Facebook voit dans son offre un complément “un angle différent” de ce que propose la télévision traditionnelle, selon Fidji Simo, une des responsables du produit Live.
Mais pour Tim Mulligan, analyste au sein du cabinet MIDiA Research, les grandes chaînes pourraient bientôt être amenées à diffuser sur Facebook du contenu jusqu’ici réservé aux canaux traditionnels.
“Nous allons rapidement atteindre le point où les gens utiliseront internet comme le moyen principal de visionner du contenu vidéo”, annonce-t-il.
La publicité en ligne suffirait-elle à soutenir un nouveau modèle économique viable pour les grandes chaînes si elles s’engageaient plus avant dans la diffusion de contenu sur les réseaux sociaux, en direct ou enregistré ?
En l’état, le direct sur Facebook ne rapporte rien aux éditeurs, même si le réseau social assure que le modèle est amené à évoluer.
“Il est difficile de dire ce qui peut prendre au-delà de la publicité, de savoir à quel point les gens veulent ce contenu et si les sociétés vont vouloir les faire payer”, reconnaît Brian Blau, analyste au sein du cabinet Gartner.
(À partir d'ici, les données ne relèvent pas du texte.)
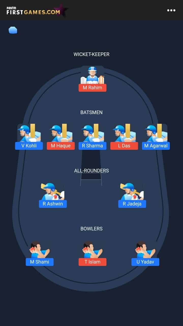 India vs Bangladesh PayTM First Captains Team Prediction: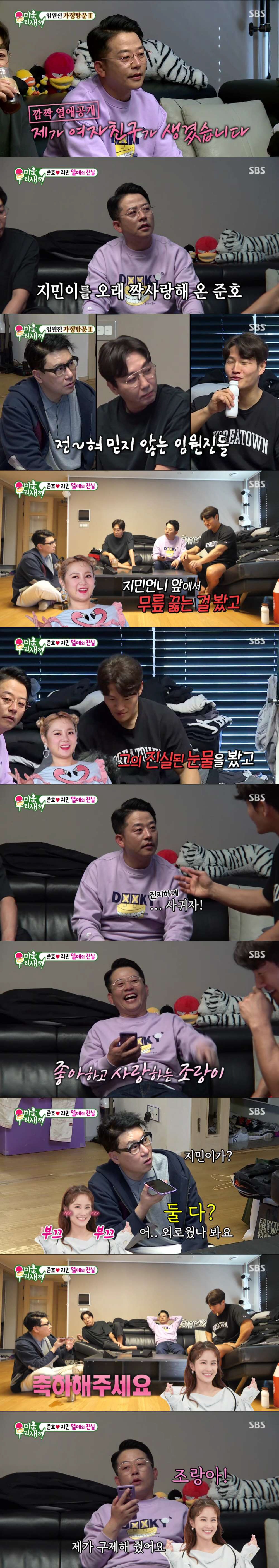 이에 김준호는 "지민이를 내가 오랫동안 짝사랑해왔다"고 고백했다. 그래도 도저히 믿기질 않자 지민에게 전화를 해보라고 했다. 김종국과 이상민이 전화 연결을 시도했으나 받질 않자 준호는 박나래가 둘 사이를 알고 있다며 나래에게 전화를 걸었다. 첫 전화에 나래는 장난인 줄 알고 "둘이 안 사귄다"고 말하고 끊었으나 이내 다시 전화를 걸어온 나래는 "저는 준호 선배가 지민 언니 앞에서 무릎 꿇는 걸 봤고, 그의 진실된 눈물을 봤다"라고 말했다.

Pour Tim Mulligan, la solution pourrait passer par la création de bouquets de chaînes payants par l’un ou l’autre réseau social.
Pour défricher la jungle des offres de télévision en ligne, “il va nous falloir une sorte d’agrégateur et il est peu probable que cela vienne des acteurs actuels de la télé payante”, notamment parce qu’ils n’ont pas la couverture mondiale d’un réseau social majeur, considère Tim Mulligan.
Brian Blau prévient également que la question des revenus ne serait pas le seul sujet majeur en cas de basculement de la télévision de masse sur les réseaux sociaux.
“Il faut pouvoir encaisser des audiences très importantes. Pourrait-on voir les Oscars diffusés tout en ligne? Ca pourrait poser un défi technique”, souligne Brian Blau.
– acheter du contenu, une première –
Dans le cas du direct, Facebook et Twitter abordent aussi la question sous un angle totalement nouveau pour eux, celui de l’achat de contenu, quand ils profitaient jusqu’ici de ceux fournis gratuitement par les utilisateurs.
Twitter va payer moins de dix millions de dollars à la NFL, une bouchée de pain au regard des dizaines de milliards de dollars que dépensent les grandes chaînes pour s’assurer les droits des grandes compétitions. Mais ce contrat, tout comme celui de Yahoo! avec la NHL, est un ballon d’essai et n’est pas exclusif.
Tim Mulligan n’exclut pas que Facebook, Twitter ou Amazon se positionnent un jour comme des concurrents frontaux des grandes chaînes sur le sport en direct, mais il y voit un obstacle majeur.
“Les droits sportifs sont tellement fragmentés”, souligne-t-il. “S’ils décident de faire quelque chose de cette ampleur, je pense qu’ils voudront être sûrs d’avoir tous les droits.”
Pour un réseau social, cela reviendrait à négocier l’exclusivité mondiale pour un seul et même canal de diffusion, ce qui ne s’est encore jamais vu.